■ TASK PROMPT
Leave the images out. Give every line below again, precisely.

[Records from a collection]
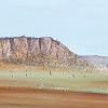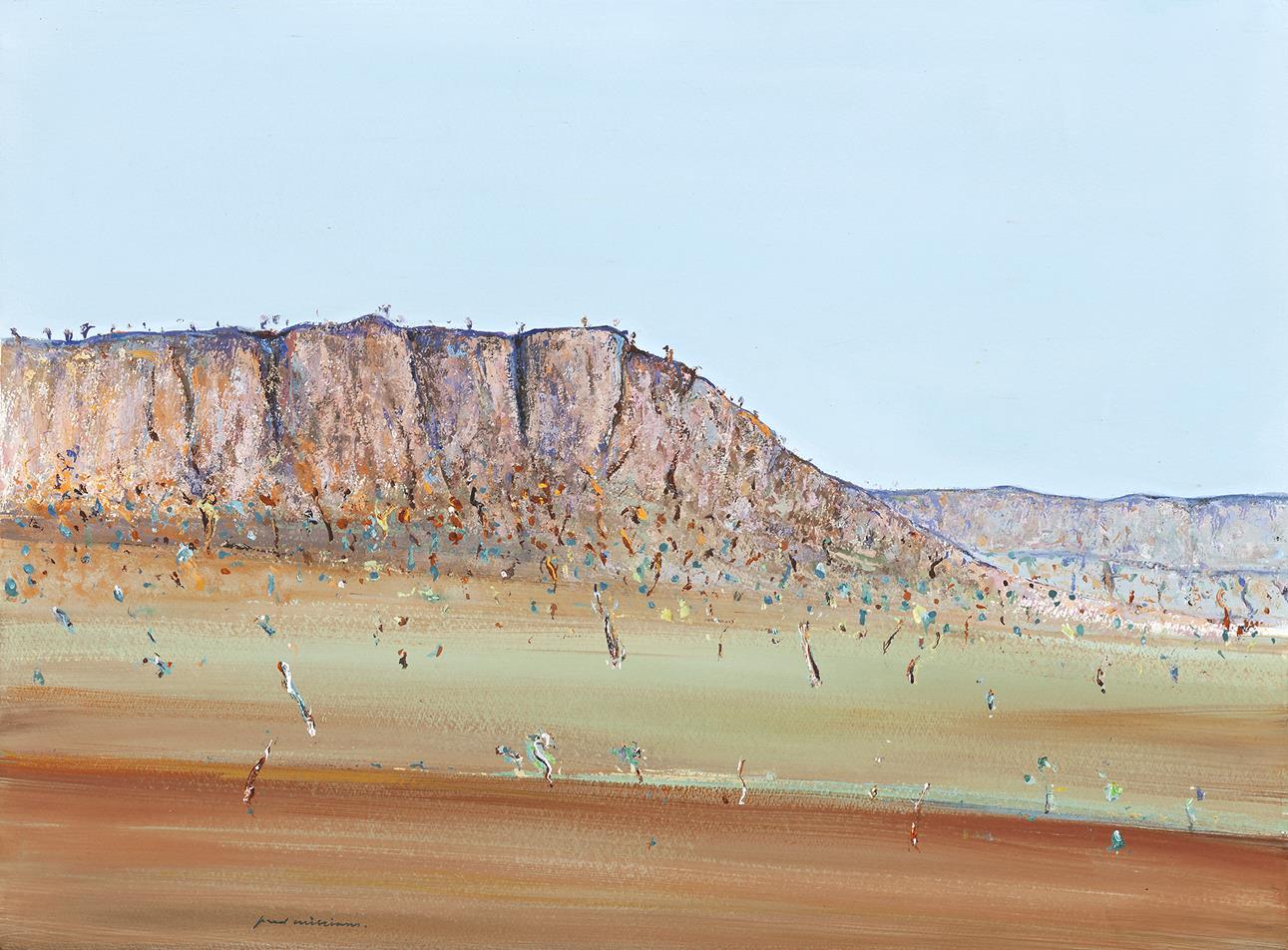The lands that form the Pilbara region are ancient and rich with minerals. Residing at Karratha Station, a country property fifteen kilometres from the coast, Williams surveyed the rugged outline of the Hamersley Range enclosing the echoing empty landscape. He studied the nuances of this strange landscape and became fluent in their expression in paint. Karratha Station incorporates many of the most dramatic features of this other-worldly outback landscape, trees dwarfed by rugged red cliffs, a low horizon buckling under an enormous expanse of blue sky, seams of bright mineral deposits segmenting the landscape into successive layers, interspersed with fields of spinifex and wildflowers. Remarkably detailed and naturalistic while retaining the distinctive Williams brushstroke, Karratha Station is characterised by touches of paint and lines laden with pigment set against a sweeping wash, its delicate tones evoking the overwhelming vastness of the artist’s vista of this timeless and enduring landscape.
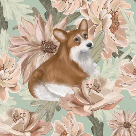 корги, собака, животные, пастельный, нежный, пес, домашний, цветочный, ботанический
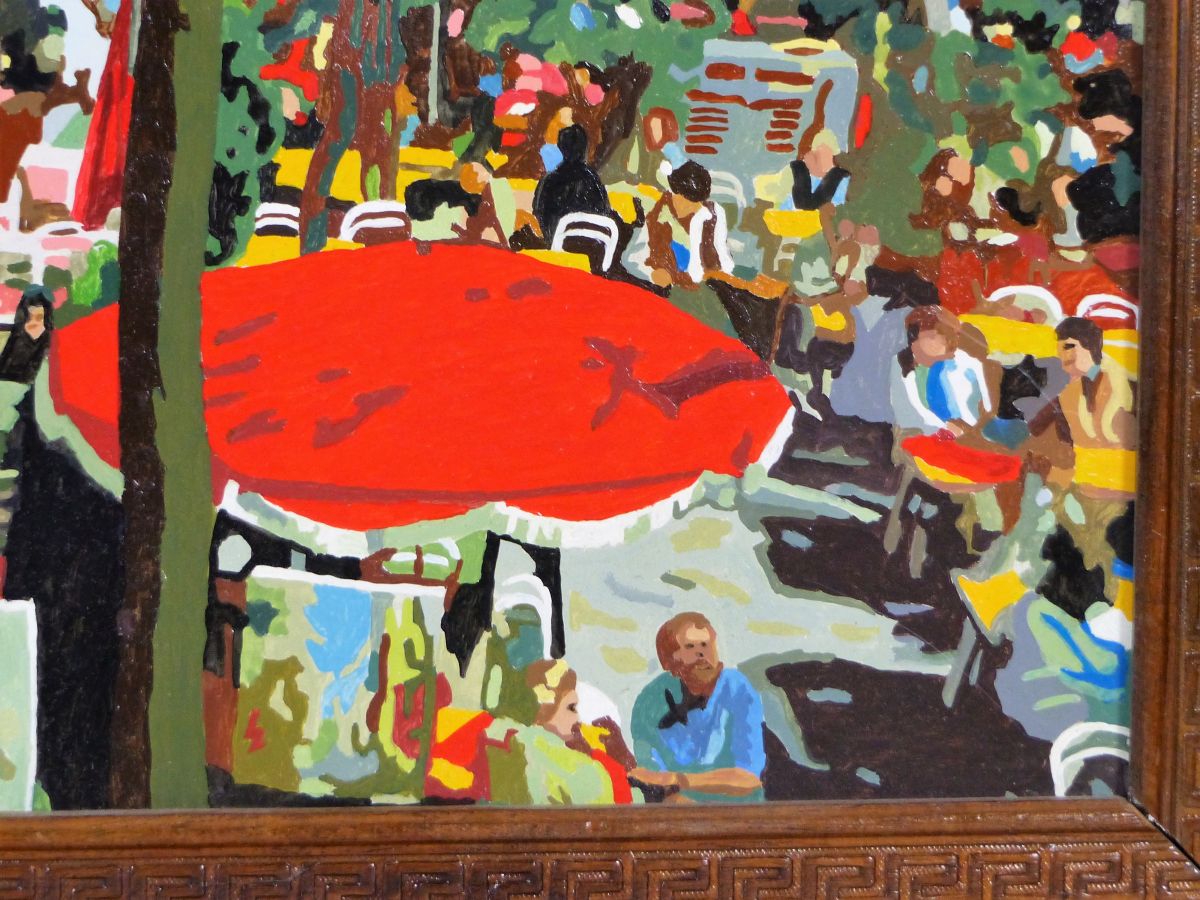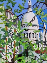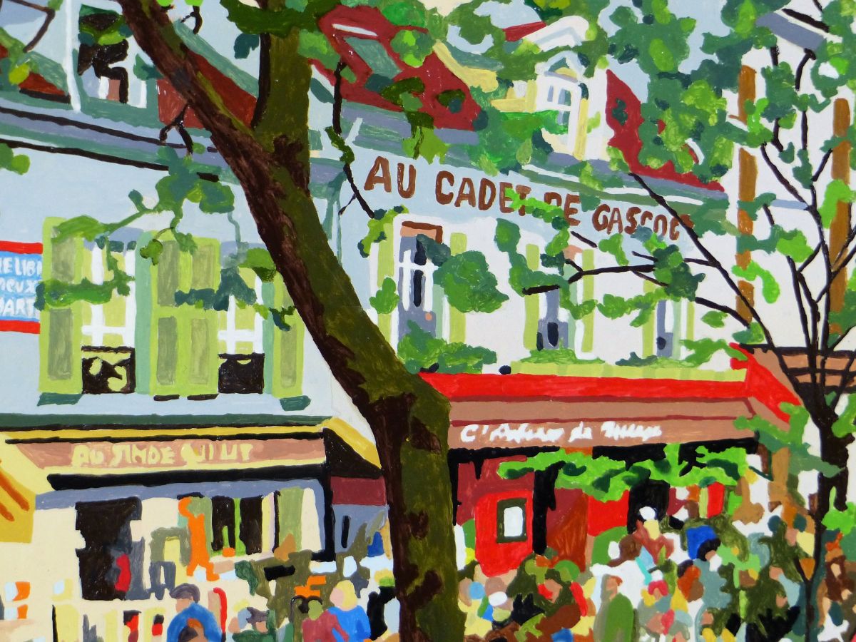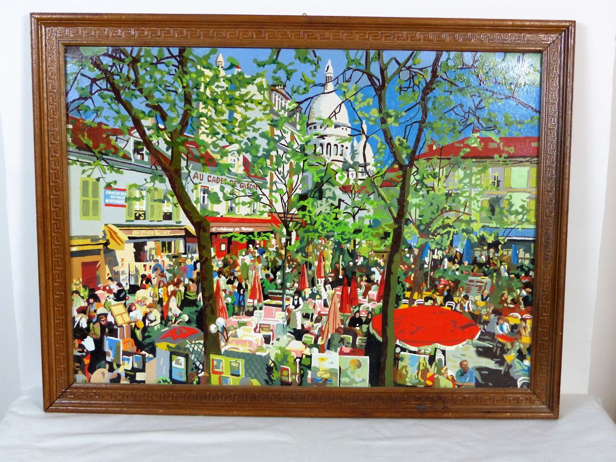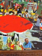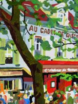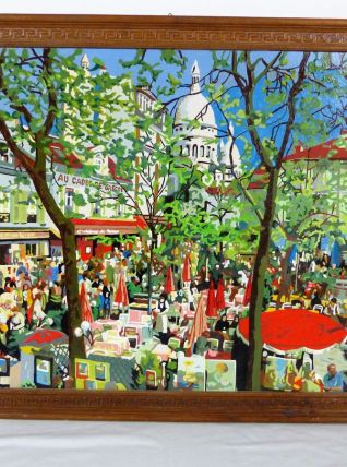 Huile sur panneau de bois thème place du tertre/ Montmartre, de belle taille. Thème courant, mais très jolies couleur et un petit quelque chose de très charmant. Encadrement de bonne facture, un peu en décalage par le style. Dimensions 57 cm, 75 cm.
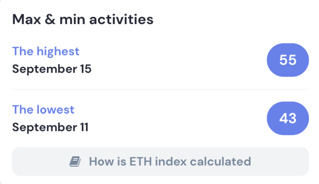 Ethereum activity index shows the activity of users on the Ethereum (ETH) network. It is calculated automatically based on a combination of several factors, such as active wallets on the network, gas used and transaction statistics.
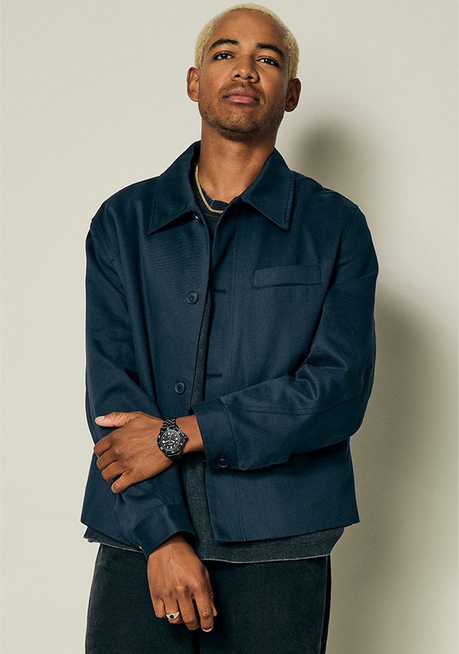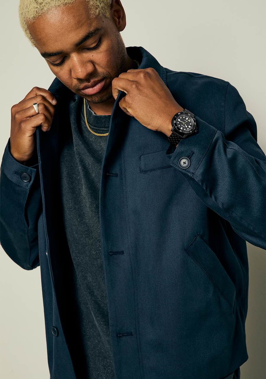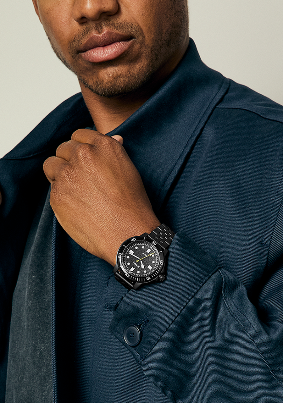 Dial is surrounded by a custom dial ring with a printed seconds track, bold applied indices and custom molded hands. Lume is applied to the indices and watch hands.
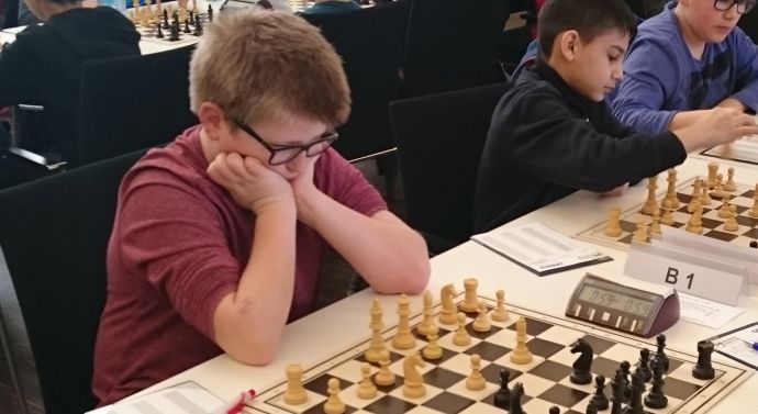 Simon Kling auf dem Weg in ein interessante, aber leider am Ende verlorene Partie. An Konzentration fehlte es ihm jedenfalls nicht.
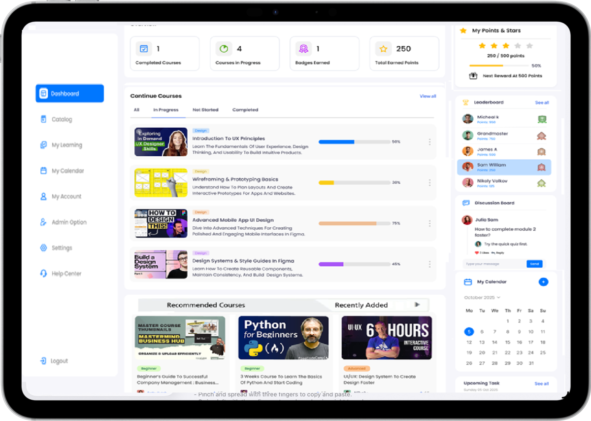 Motivate learners by recognizing milestones with badges and designations. Incorporate gamification, social discussions, and announcements and create a vibrant learning community.
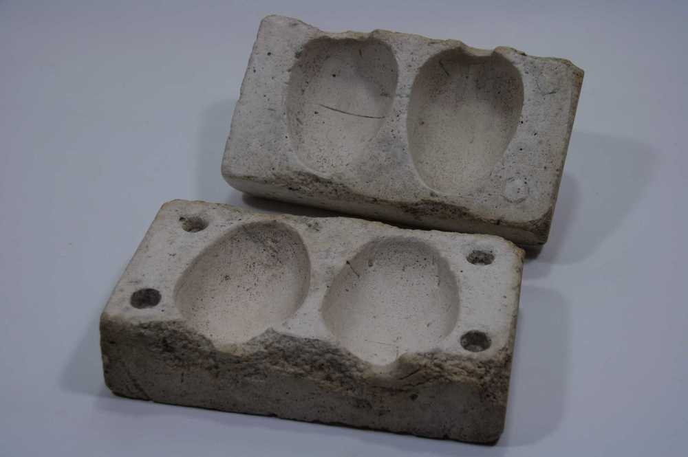 Suikerwerkvorm van gips in de vorm van 2 paaseieren
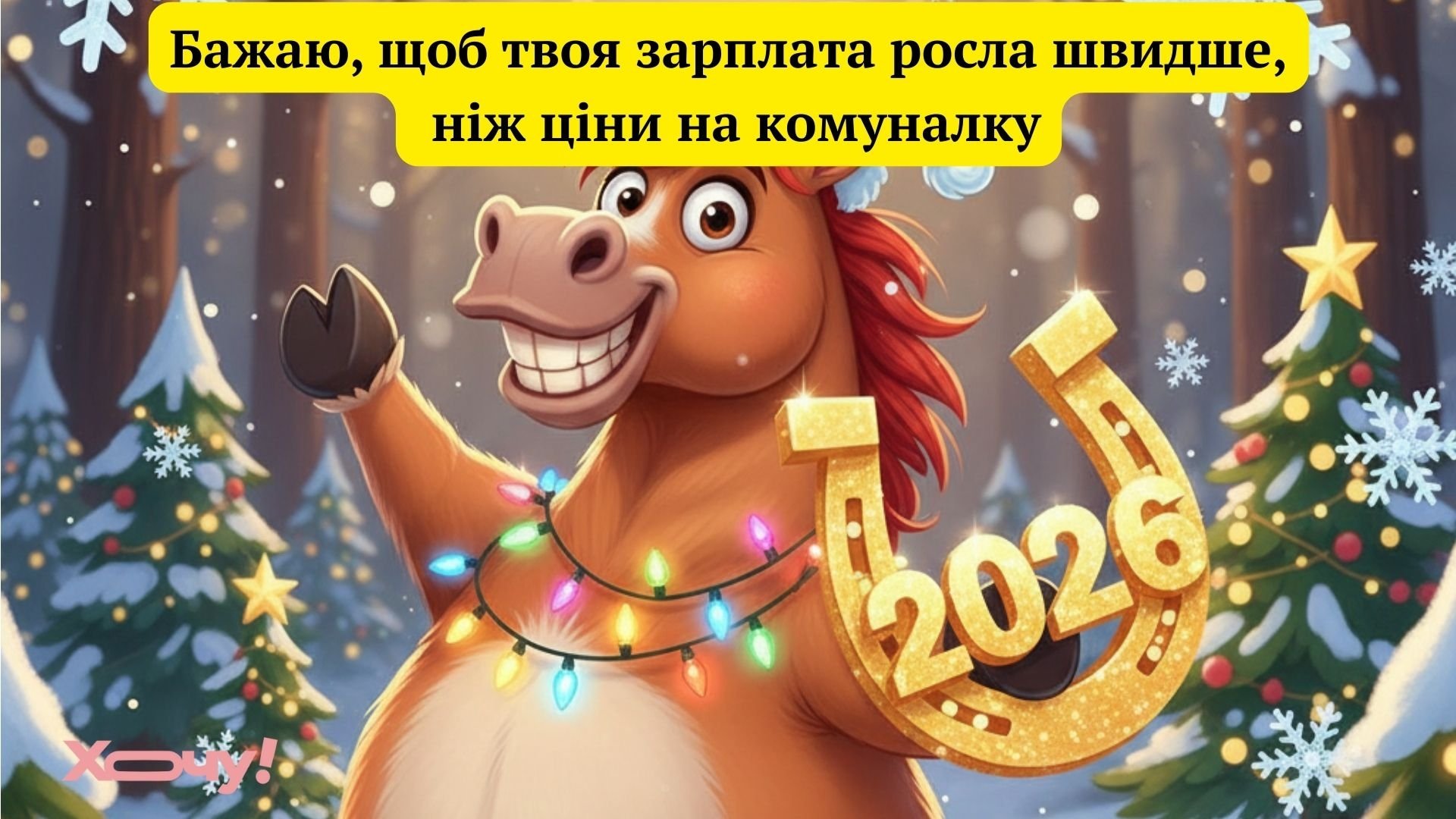 Бажаю, щоб у цьому році ти працював як кінь, але отримував як арабський шейх.
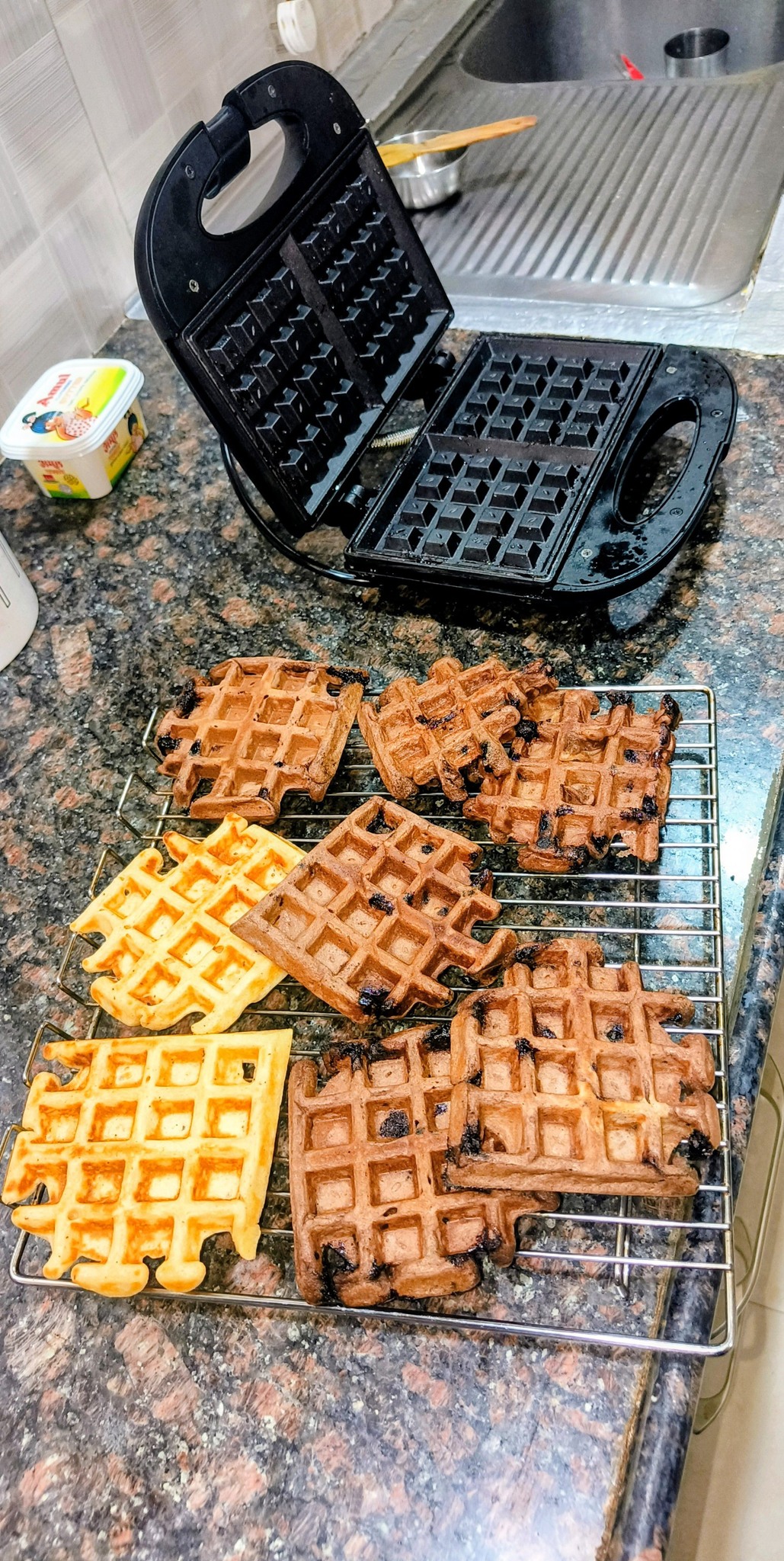 Waffle maker mein cook karo jab tak edges crispy ho jayein.

■ ANSWER FOR THE TASK
The lands that form the Pilbara region are ancient and rich with minerals. Residing at Karratha Station, a country property fifteen kilometres from the coast, Williams surveyed the rugged outline of the Hamersley Range enclosing the echoing empty landscape. He studied the nuances of this strange landscape and became fluent in their expression in paint. Karratha Station incorporates many of the most dramatic features of this other-worldly outback landscape, trees dwarfed by rugged red cliffs, a low horizon buckling under an enormous expanse of blue sky, seams of bright mineral deposits segmenting the landscape into successive layers, interspersed with fields of spinifex and wildflowers. Remarkably detailed and naturalistic while retaining the distinctive Williams brushstroke, Karratha Station is characterised by touches of paint and lines laden with pigment set against a sweeping wash, its delicate tones evoking the overwhelming vastness of the artist’s vista of this timeless and enduring landscape.
 корги, собака, животные, пастельный, нежный, пес, домашний, цветочный, ботанический
 Huile sur panneau de bois thème place du tertre/ Montmartre, de belle taille. Thème courant, mais très jolies couleur et un petit quelque chose de très charmant. Encadrement de bonne facture, un peu en décalage par le style. Dimensions 57 cm, 75 cm.
 Ethereum activity index shows the activity of users on the Ethereum (ETH) network. It is calculated automatically based on a combination of several factors, such as active wallets on the network, gas used and transaction statistics.
 Dial is surrounded by a custom dial ring with a printed seconds track, bold applied indices and custom molded hands. Lume is applied to the indices and watch hands.
 Simon Kling auf dem Weg in ein interessante, aber leider am Ende verlorene Partie. An Konzentration fehlte es ihm jedenfalls nicht.
 Motivate learners by recognizing milestones with badges and designations. Incorporate gamification, social discussions, and announcements and create a vibrant learning community.
 Suikerwerkvorm van gips in de vorm van 2 paaseieren
 Бажаю, щоб у цьому році ти працював як кінь, але отримував як арабський шейх.
 Waffle maker mein cook karo jab tak edges crispy ho jayein.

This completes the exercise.